***** Available data *****

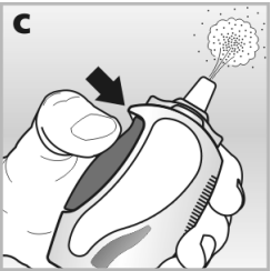 Utløserknappen må trykkes ordentlig inn for å frigjøre dosen gjennom neseapplikatoren - se bilde c.
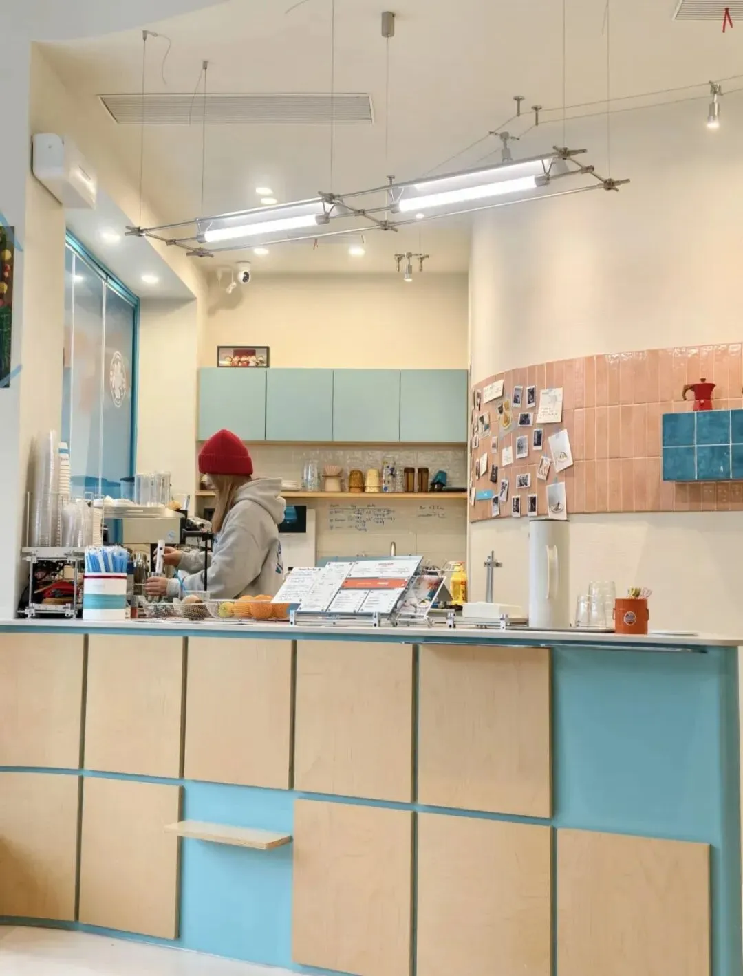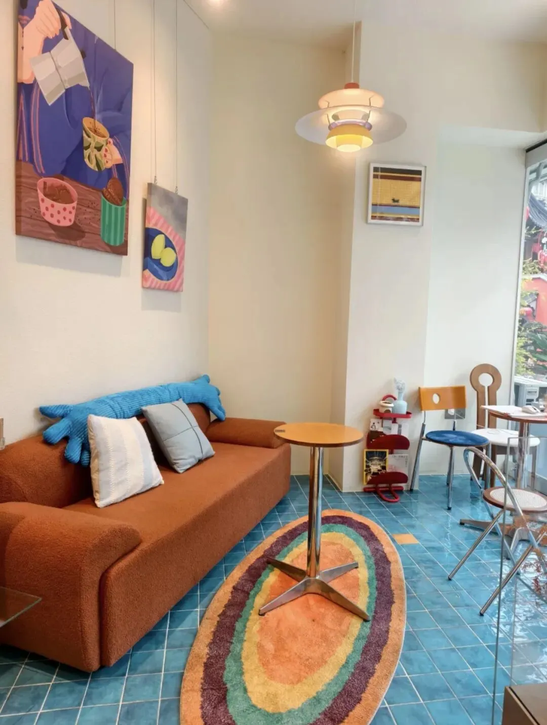 门口的蓝瓷砖和一排多巴胺色调座椅组合成游泳池跳水台的感觉。
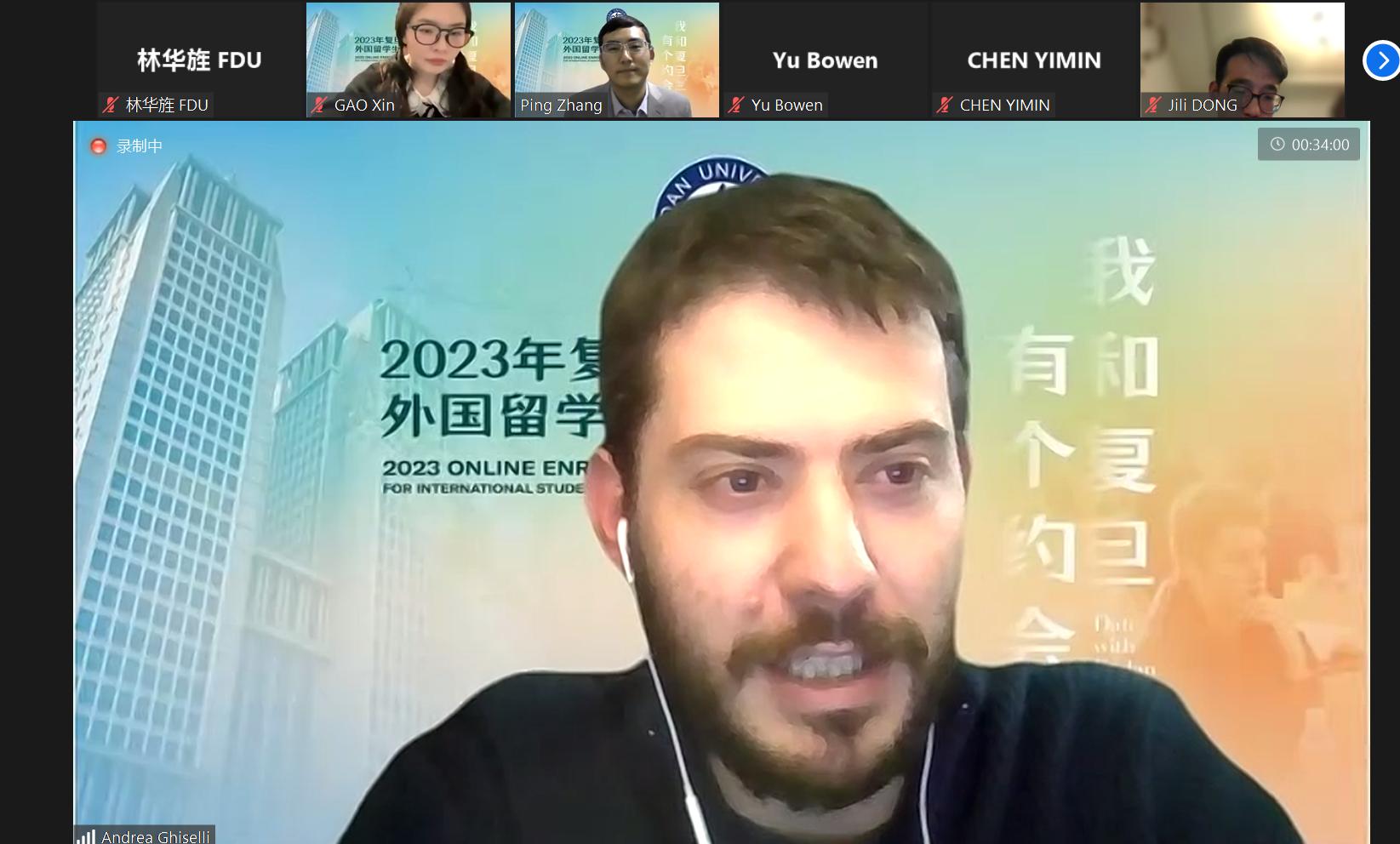 李安风(Andrea Ghiselli,意大利籍)青年副研究员补充介绍了选择上海市和复旦大学就读的优势,并结合自身体会向大家展现了国际政治英文博士项目的价值与魅力。同时,李安风特别指出学院定期举办的学术工作坊对留学生的学术成长大有助益,并欢迎大家积极申请。
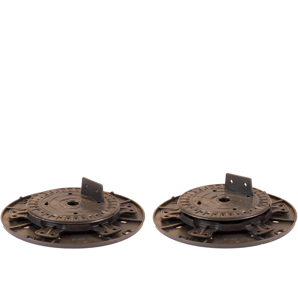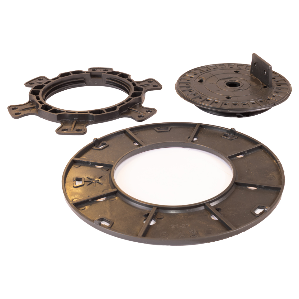 Dolny talerz o średnicy 195 mm stabilnie rozkłada nacisk na podłoże. Górny talerz o średnicy 125 mm tworzy pewną podstawę dla legara. Dodatkowo na górnym talerzu znajduje się element montażowy o wysokości 25 mm, który umożliwia przytwierdzenie legara do wspornika za pomocą dwóch wkrętów.
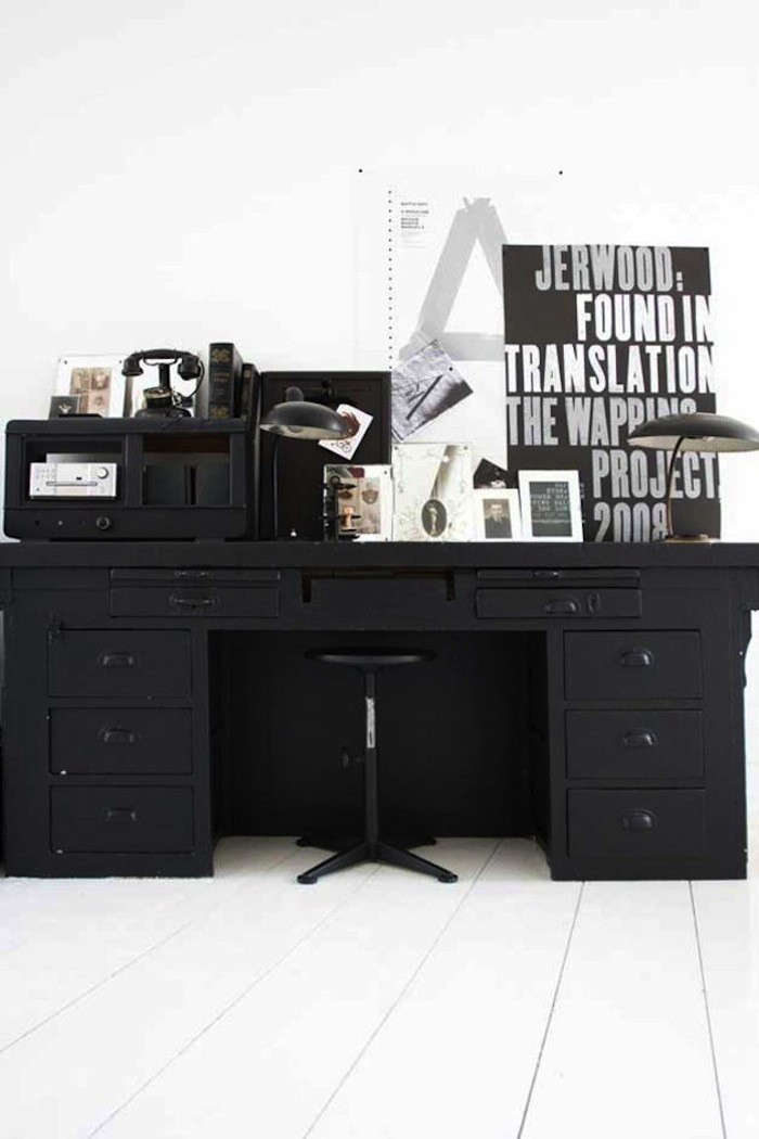 Above: An antique desk is given a second life with a coat of matte black paint.
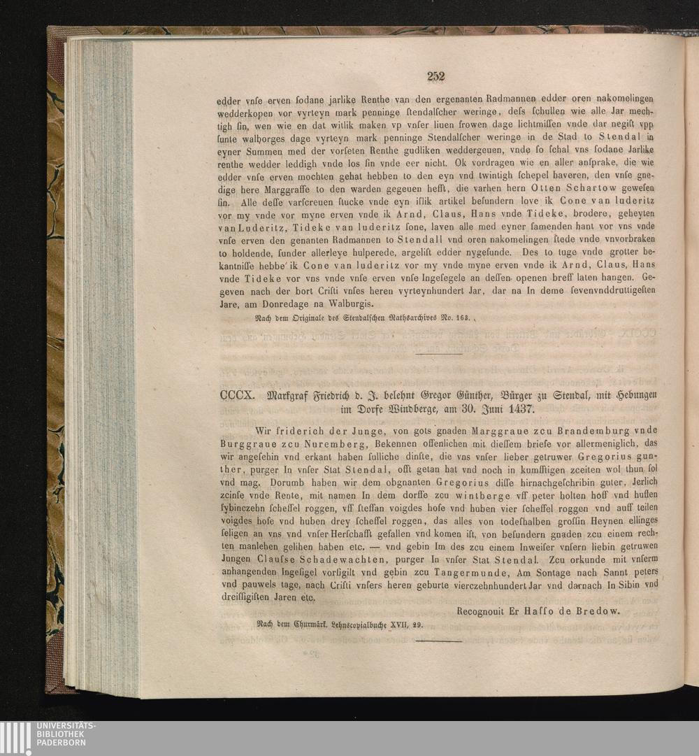 CCCX. Markgraf Friedrich d. J. belehnt Gregor Günther, Bürger zu Stendal, mit Hebungen[...]
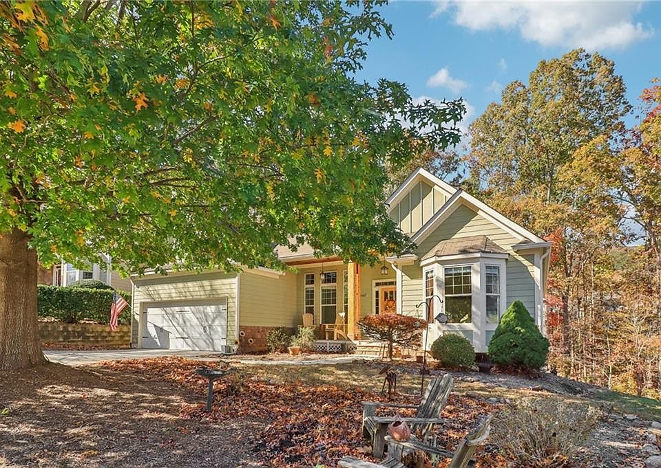 ***Golf Course***Finished Basement***2 Large Decks***Gated***Beautiful ranch-style home in the highly sought-after gated Lake Arrowhead community with scenic golf course! This customized open-concept floorplan features a fully finished walkout daylight basement, a main level with a luxurious primary suite, two additional bedrooms, a kitchen with a solid black walnut island, rich hickory hardwood floors, stunning exposed beams, sun-drenched skylights, and upgraded lighting throughout, creating a warm and inviting atmosphere. Sliding glass doors lead to a spacious back deck with a fireplace and stairs to a lower deck, perfect for entertaining. The basement includes a living room with fireplace, wet bar, full bath, a large woodworking shop, and an extra room currently used as a design studio with a murphy bed (convertible to a bedroom) with a covered deck overlooking a fenced backyard. Surrounded by flowering landscaping and mature hardwoods, the home offers access to community amenities including a lake, tennis and pickleball courts, parks, sports courts, scenic hiking trails, and more! This beautiful home can serve as your vacation retreat or retirement haven, where you’re sure to create many cherished memories. Book your tour today!
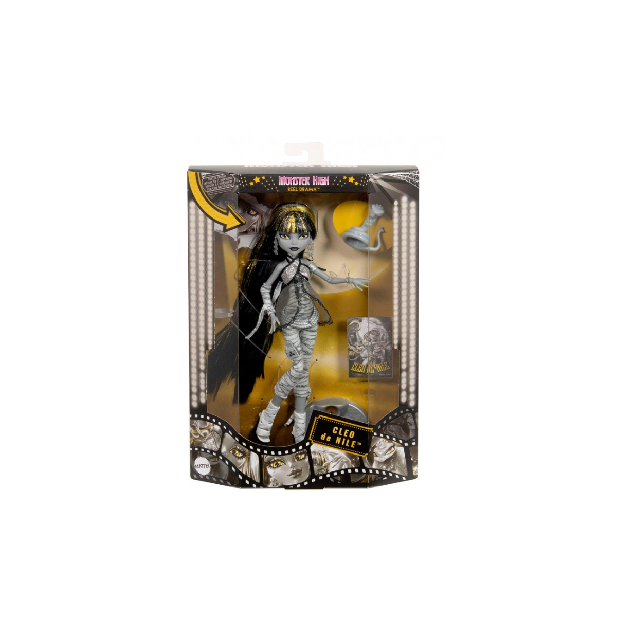 Descubre la Monster High Reel Drama Cleo De Nile; cabello dorado, serpiente Hissette, pósteres cinematográficos y estilo de coleccionista elegante.

*****

Above are some records; quote exactly and only the lines that begin at the line containing "李安风(Andrea Ghi" and stop after the line containing "CCCX. Markgraf Friedrich", leaving out the pictures.

__Expected answer__:
 李安风(Andrea Ghiselli,意大利籍)青年副研究员补充介绍了选择上海市和复旦大学就读的优势,并结合自身体会向大家展现了国际政治英文博士项目的价值与魅力。同时,李安风特别指出学院定期举办的学术工作坊对留学生的学术成长大有助益,并欢迎大家积极申请。
 Dolny talerz o średnicy 195 mm stabilnie rozkłada nacisk na podłoże. Górny talerz o średnicy 125 mm tworzy pewną podstawę dla legara. Dodatkowo na górnym talerzu znajduje się element montażowy o wysokości 25 mm, który umożliwia przytwierdzenie legara do wspornika za pomocą dwóch wkrętów.
 Above: An antique desk is given a second life with a coat of matte black paint.
 CCCX. Markgraf Friedrich d. J. belehnt Gregor Günther, Bürger zu Stendal, mit Hebungen[...]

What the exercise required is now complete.